Литмир - Электронная Библиотека
Содержание  
A
A

Как мы сообщали, г-н де Шатобриан был ровесником Бонапарта: обоим было в ту пору тридцать пять лет. Оба маленького роста и схожего телосложения. Бонапарт держался прямо, высоко подняв голову; г-н де Шатобриан был бы чуть выше, если бы не втягивал голову в плечи, что свойственно, как утверждает он в «Замогильных записках», почти всем потомкам рыцарских родов, чьи предки привыкли подолгу носить на голове шлемы[155].

Все, кто имел честь знать г-на Шатобриана, признают вместе со мной, что его гордость была не сравнима ни с чьей другой, исключая Бонапарта.

Гордость автора «Гения христианства» пережила все — утрату состояния, потерю политических постов и литературных почестей. В момент торжества, каким была встреча с Бонапартом, эта гордость возросла непомерно.

Со своей стороны Бонапарту тогда оставалось лишь сделать шаг до самого высокого положения в обществе, какого только возможно достичь, гордыня его не могла сравниться ни с чьей другой ни в прошлом, ни в настоящем. Левиафан и Бегемот[156] оказались лицом к лицу друг с другом.

— Что ж, господин де Шатобриан, — произнес Бонапарт, шагнув ему навстречу, — как видите, я вас не забыл.

— Благодарю вас, гражданин первый консул. Вы поняли, что есть люди, которые хороши лишь тогда, когда они сами себе голова.

— Я вспомнил, — сказал Бонапарт, — слова Цезаря: «Лучше быть первым в своей деревне, чем вторым в Риме». На самом деле, — продолжал он, — вам было не слишком весело у моего дорогого дядюшки среди мелочных придирок кардинала, провинциального бахвальства епископа Шалонского и немыслимых выдумок будущего епископа Марокканского.

— Его зовут аббат Гийон, — уточнил Шатобриан.

— Вы знаете его историю, — ответил Бонапарт. — Воспользовавшись сходством звучания своего имени с именем другого человека, он утверждал, что это якобы он, чудесным образом спасшись от резни в Кармелитском монастыре, отпустил грехи г-же де Ламбаль в тюрьме Ла Форс. Ни словечка правды… Как же вы проводили время?
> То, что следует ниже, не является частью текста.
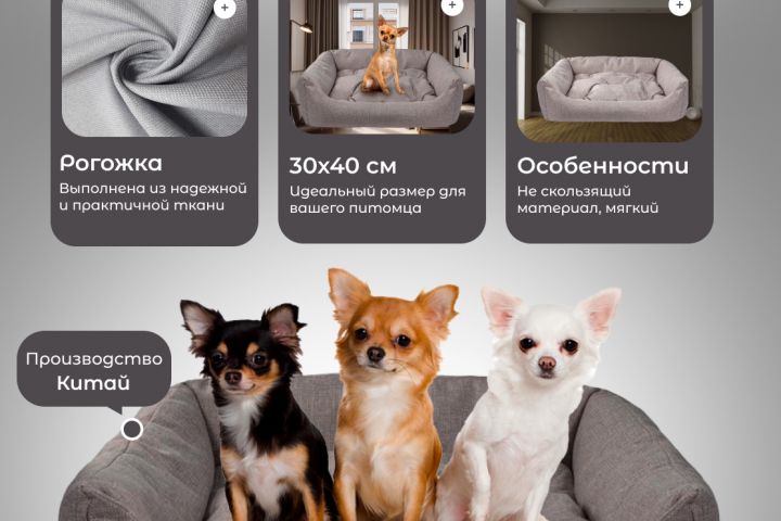 - Концепция дизайна: Определила основные элементы и стиль, которые помогут выделить ключевые преимущества лежанки для собак.
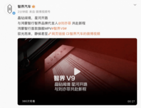 4月13日,智界汽車正式發(fā)布鴻蒙智行首款旗艦MPV智界V9的智能交互式側門光毯視頻,并同步官宣劉亦菲成為品牌代言人,瞬間引爆全網關注。智界V9以光為媒介,首創(chuàng)智能交互式側門光毯,并搭載全新一代DLP智慧投影大燈,將實現(xiàn)尊崇儀式感、行車安全與技術革新三大維度的全面突破,以可視、可觸、可感的尊崇體驗,夯實“MPV科技車皇”的產品認知。
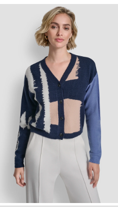 DKNY CROPPED COLORBLOCK CARDIGAN
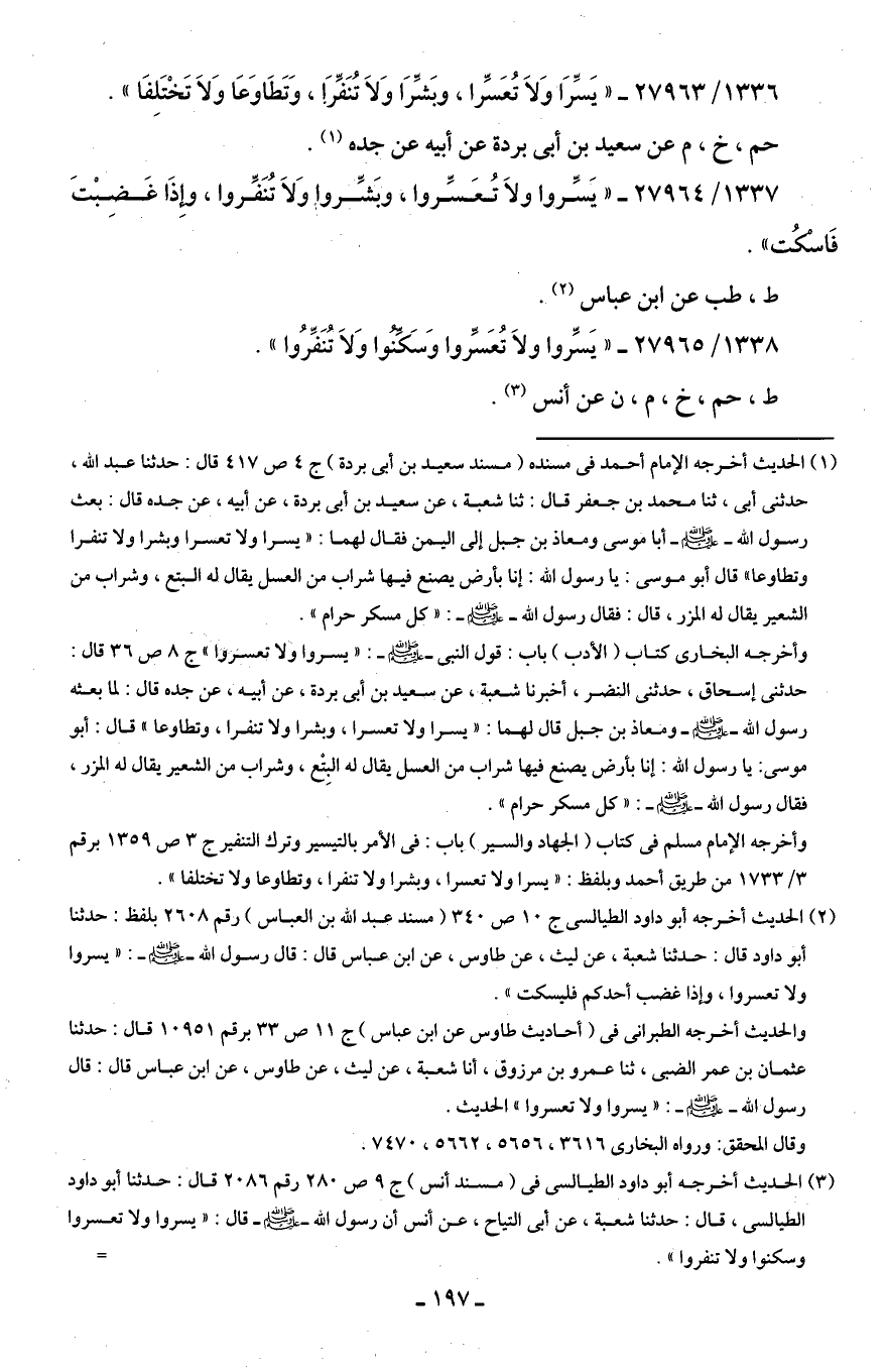1338/ 27965 - "يَسِّروا ولَا تُعَسِّروا وَسَكِّنُوا وَلَا تُنَفِّرُوا".
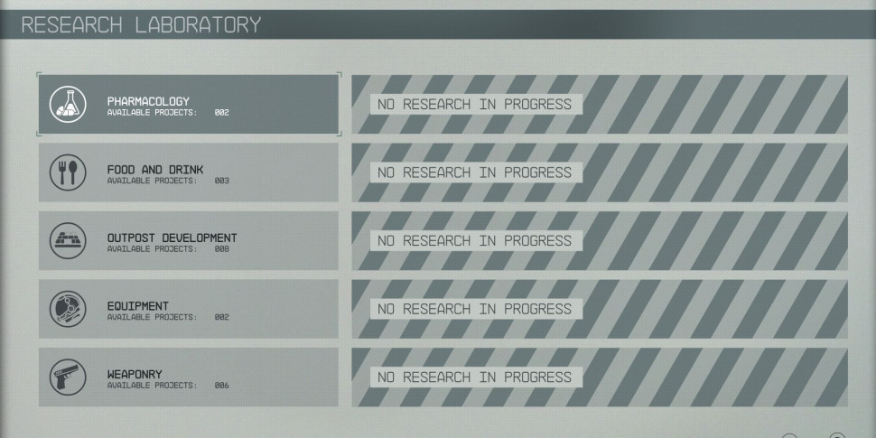 Взаимосвязь между исследованиями и навыками прослеживается во всех исследовательских проектах. Исследование лучших продуктов питания требует навыка "Гастрономия", а лучших медицинских препаратов - навыка "Химия". В результате каждый новый набор разблокировок ощущается как действительно заработанный и заставляет игрока по-настоящему задуматься о том, как потратить каждое очко навыка.
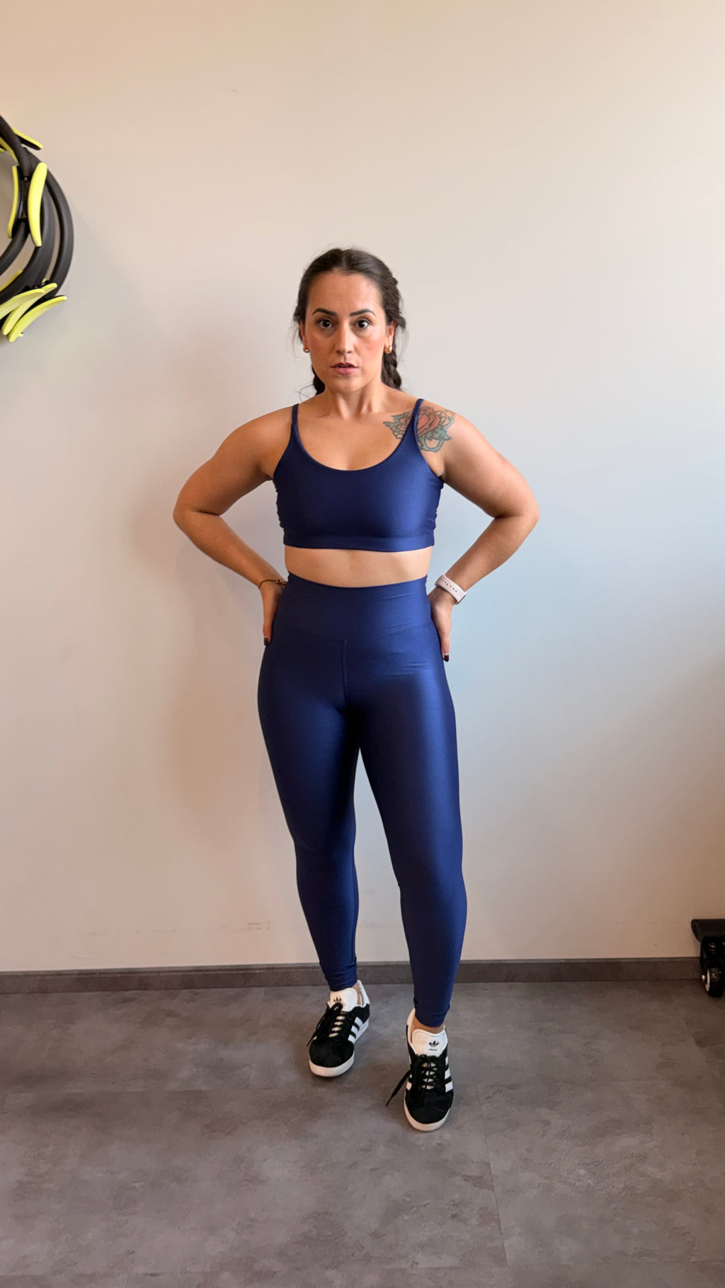 Il top presenta un design asimmetrico, moderno e sofisticato, che valorizza il décolleté e garantisce un sostegno moderato, perfetto sia per l’allenamento che per creare look casual. I leggings a vita alta modellano la silhouette, assicurano stabilità durante i movimenti e includono dettagli strategici che esaltano le linee del corpo, unendo estetica e prestazioni.

— Старался быть живым среди мертвецов. Делал все, что обычно делают приезжающие в Рим помечтать. Рим сам по себе — мечта, греза, это особенно видно при свете луны: с высоты Тринитаде-де-Монте подернутые дымкой далекие городские постройки кажутся набросками художника, сделанными с борта корабля. Ночное светило, этот шар, слывущий полноправным миром, катит свои бледные пустыни над пустынным Римом. Оно освещает улицы, где не слышны шаги прохожих, безлюдные дворы, площади, сады, монастыри, обители немые и нежилые, словно портики Колизея. Я спрашивал себя, что происходило здесь в этот же день и час восемнадцать столетий назад. Какие люди вступали под сень этих обелисков, некогда отбрасывавших тень на пески Египта! Нет уже не только древней Италии — исчезла и Италия средневековая. И все же вечный город хранит еще следы этих двух Италий: если Рим нового времени являет нашему взору собор Святого Петра и его шедевры, Рим древний противопоставляет ему свой Пантеон и его руины; если один призывает с Капитолия своих консулов, то другой приводит из Ватикана своих пап. Тибр течет меж двух славных городов, равно повергнутых во прах: Рим языческий глубоко и безвозвратно погружается в свои могилы, а Рим христианский медленно, но верно опускается в свои катакомбы[157].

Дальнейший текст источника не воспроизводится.